Point-to-point communication

Two-sided communication

(Since NCCL 2.7) Point-to-point communication can be used to express any communication pattern between ranks. Any point-to-point communication needs two NCCL calls : a call to ncclSend() on one rank and a corresponding ncclRecv() on the other rank, with the same count and data type.

Multiple calls to ncclSend() and ncclRecv() targeting different peers can be fused together with ncclGroupStart() and ncclGroupEnd() to form more complex communication patterns such as one-to-all (scatter), all-to-one (gather), all-to-all or communication with neighbors in an N-dimensional space.

Point-to-point calls within a group will be blocking until that group of calls completes, but calls within a group can be seen as progressing independently, hence should never block each other. It is therefore important to merge calls that need to progress concurrently to avoid deadlocks. The only exception is point-to-point calls within a group targeting the same peer, which are executed in order.

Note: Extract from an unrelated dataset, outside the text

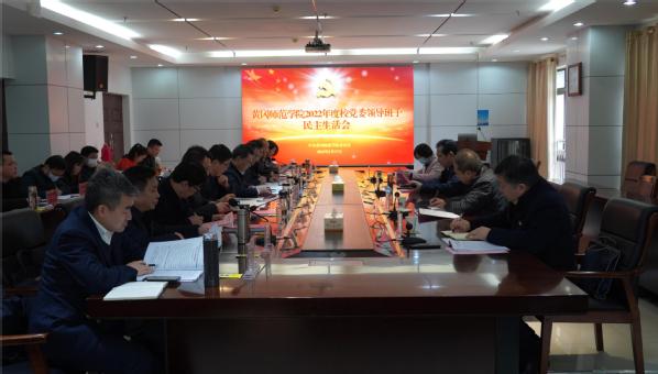 本网讯 根据省、市委的统一部署,2月17日下午,校党委领导班子在厚德楼四楼二号会议室召开2022年度民主生活会。会议主题是全面贯彻习近平新时代中国特色社会主义思想,深入贯彻落实习近平总书记关于湖北工作的重要讲话和指示批示精神,深刻领悟“两个确立”的决定性意义,增强“四个意识”、坚定“四个自信”、做到“两个维护”,团结带领全校党员干部群众锚定建设“全省一流、全国知名”高水平师范大学的目标任务,以奋发有为的精神推动党的二十大作出的重大决策部署在学校落地见效。

Below are a few examples of classic point-to-point communication patterns used by parallel applications. NCCL semantics allow for all variants with different sizes, datatypes, and buffers, per rank.

Sendrecv

In MPI terms, a sendrecv operation is when two ranks exchange data, both sending and receiving at the same time. This can be done by merging both ncclSend and ncclRecv calls into one :

ncclGroupStart();
ncclSend(sendbuff, sendcount, sendtype, peer, comm, stream);
ncclRecv(recvbuff, recvcount, recvtype, peer, comm, stream);
ncclGroupEnd();

One-to-all (scatter)

A one-to-all operation from a root rank can be expressed by merging all send and receive operations in a group :

ncclGroupStart();
if (rank == root) {
  for (int r=0; r<nranks; r++)
    ncclSend(sendbuff[r], size, type, r, comm, stream);
}
ncclRecv(recvbuff, size, type, root, comm, stream);
ncclGroupEnd();

All-to-one (gather)

Similarly, an all-to-one operations to a root rank would be implemented this way :

ncclGroupStart();
if (rank == root) {
  for (int r=0; r<nranks; r++)
    ncclRecv(recvbuff[r], size, type, r, comm, stream);
}
ncclSend(sendbuff, size, type, root, comm, stream);
ncclGroupEnd();

All-to-all

An all-to-all operation would be a merged loop of send/recv operations to/from all peers :

ncclGroupStart();
for (int r=0; r<nranks; r++) {
  ncclSend(sendbuff[r], sendcount, sendtype, r, comm, stream);
  ncclRecv(recvbuff[r], recvcount, recvtype, r, comm, stream);
}
ncclGroupEnd();

Neighbor exchange

Finally, exchanging data with neighbors in an N-dimensions space could be done with :

ncclGroupStart();
for (int d=0; d<ndims; d++) {
  ncclSend(sendbuff[d], sendcount, sendtype, next[d], comm, stream);
  ncclRecv(recvbuff[d], recvcount, recvtype, prev[d], comm, stream);
}
ncclGroupEnd();

One-sided communication

(Since NCCL 2.29) One-sided communication enables a rank to write data to remote memory using ncclPutSignal() without requiring the target rank to issue a matching operation. The target memory must be pre-registered using ncclCommWindowRegister(). Point-to-point synchronization can be achieved by having the target rank call ncclWaitSignal() to wait for signals.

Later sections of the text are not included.